Bien avant les dinosaures, les forêts ou même les océans tels que nous les connaissons, un unique ancêtre microscopique a, en silence, mis toute l’histoire du vivant en marche.
De nouvelles recherches repoussent encore l’origine de ce récit, plus loin dans le temps que ne l’imaginaient les scientifiques. Elles suggèrent que l’ancêtre commun à tout ce qui vit sur Terre serait apparu dans un monde tout juste né, violent et instable, bien plus tôt que ne l’indiquaient les estimations précédentes.
L’ancêtre mystérieux à l’origine de tous les êtres vivants : LUCA
Les biologistes donnent un nom à cet organisme ancestral : LUCA, pour « dernier ancêtre commun universel ». Il ne s’agit ni d’un fossile précis ni d’une créature qu’on aurait observée. LUCA correspond plutôt à un point logique dans l’arbre du vivant, reconstruit à partir de gènes que l’ensemble des organismes portent encore aujourd’hui.
Des chênes aux pieuvres, des baleines bleues aux bactéries intestinales, toutes les espèces connues peuvent être suivies le long de lignées évolutives qui se ramifient. En remontant suffisamment loin ces branches, elles finissent par converger vers un nœud unique : ce nœud, c’est LUCA.

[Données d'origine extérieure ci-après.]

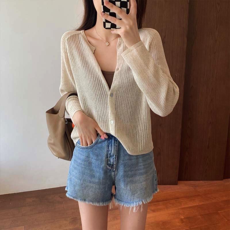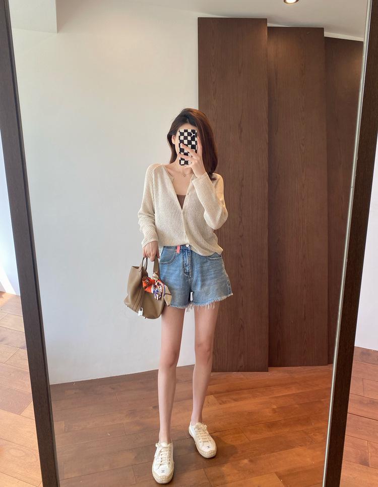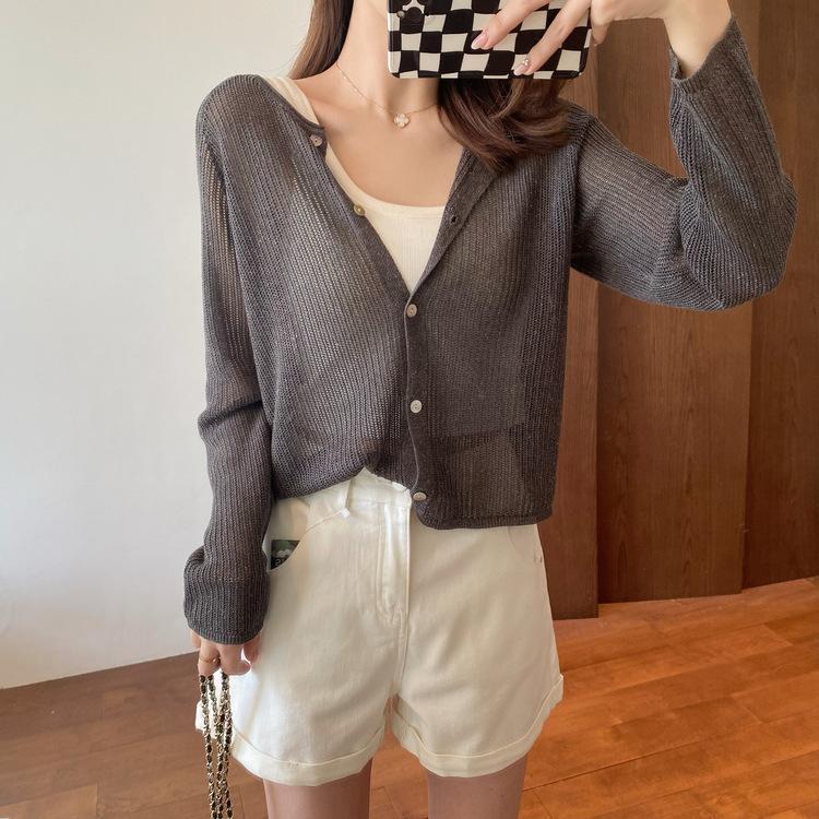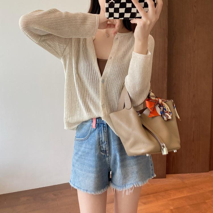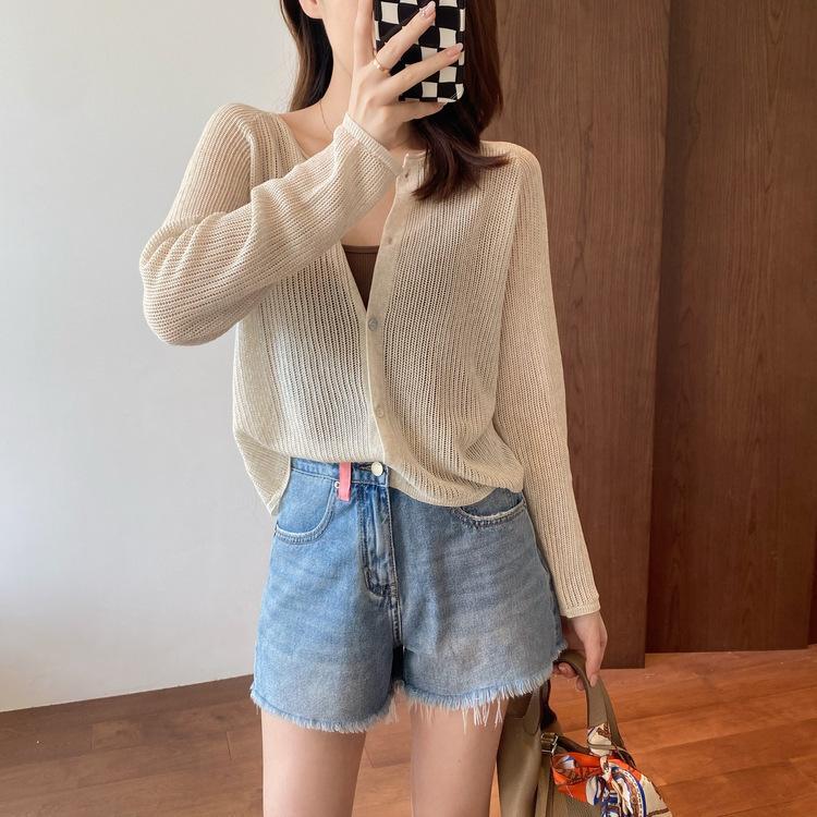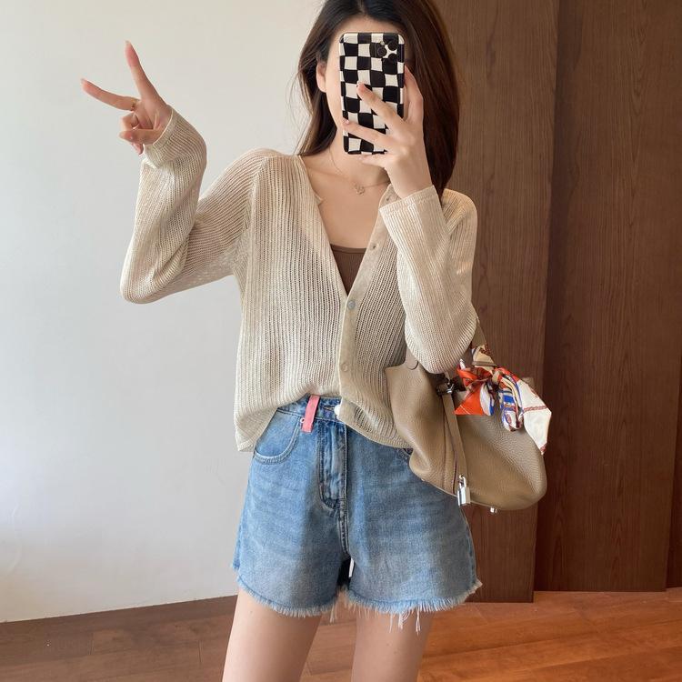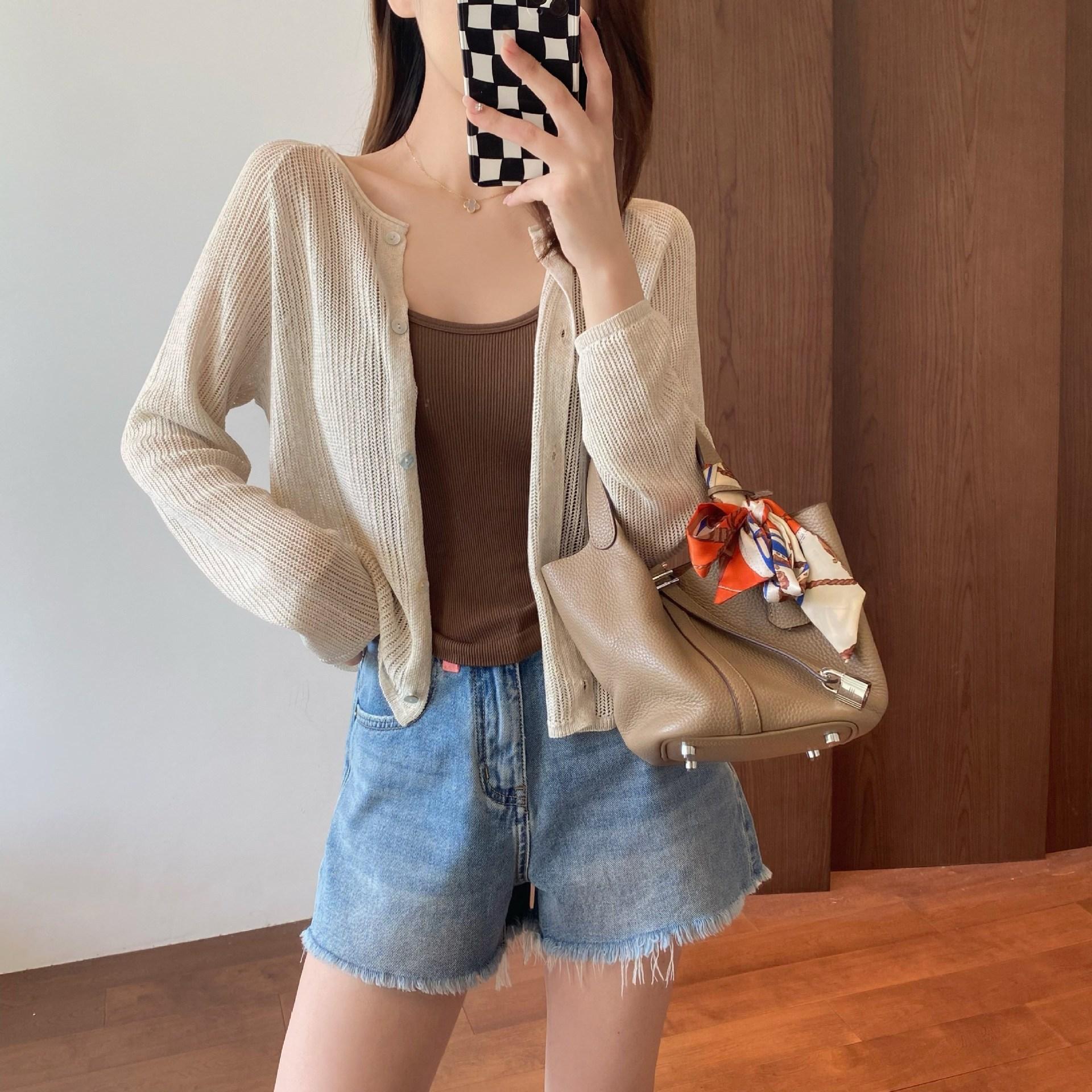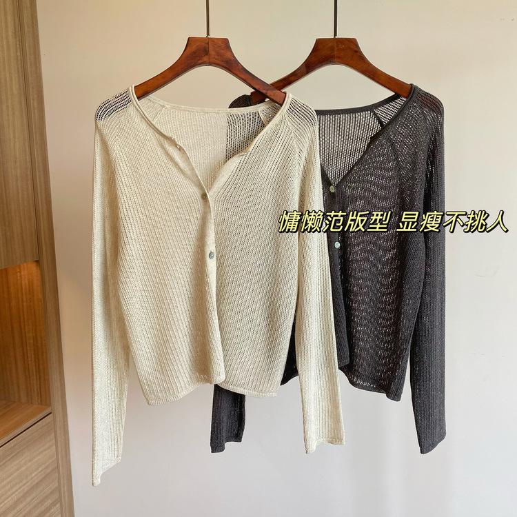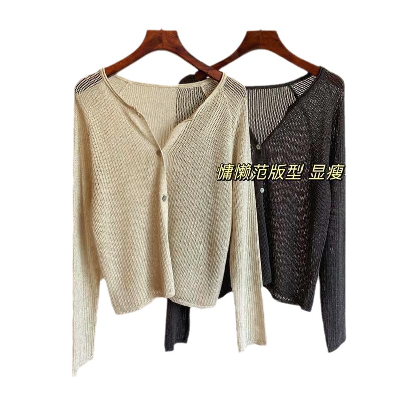 外搭冰丝V领亚麻披肩防晒衣女薄款坎肩配吊带裙针织开衫外套遮阳

LUCA is not the first life on Earth, but the last ancestor shared by every living thing that has survived to the present day.
La nouvelle étude, dirigée par le paléogénéticien Edmund Moody (Université de Bristol) et publiée dans Nature Ecology & Evolution, avance que LUCA aurait vécu il y a environ 4,2 milliards d’années. Les évaluations antérieures le plaçaient plutôt autour de 3,8 milliards d’années.
Ces 400 millions d’années supplémentaires comptent. Elles repoussent les racines de notre arbre généalogique jusqu’à une période où la Terre jeune achevait à peine de refroidir après des impacts dévastateurs, avec une atmosphère toxique et des océans chargés de substances chimiques riches en métaux.
Comment dater un être qui n’a laissé aucun fossile ?
À la différence des dinosaures ou des forêts anciennes, LUCA n’a laissé ni os, ni coquilles, ni cernes d’arbres. C’était un organisme unicellulaire très simple, et toute trace directe a été effacée depuis longtemps par l’activité géologique.
L’équipe s’est donc appuyée sur un autre type d’archive : l’ADN. À chaque génération, un petit nombre de modifications s’insèrent dans le matériel génétique. Ces mutations s’accumulent, très lentement, sur des millions puis des milliards d’années.
By treating mutations as the ticks of a “molecular clock”, researchers can estimate how long ago two lineages shared a common ancestor.
Le mécanisme de « l’horloge génétique » au cœur de l’étude
Les chercheurs ont rassemblé des données génétiques issues d’un vaste éventail d’organismes, notamment :
- Les humains et d’autres animaux
- Les plantes et les algues
- Les bactéries et les archées (microbes anciens)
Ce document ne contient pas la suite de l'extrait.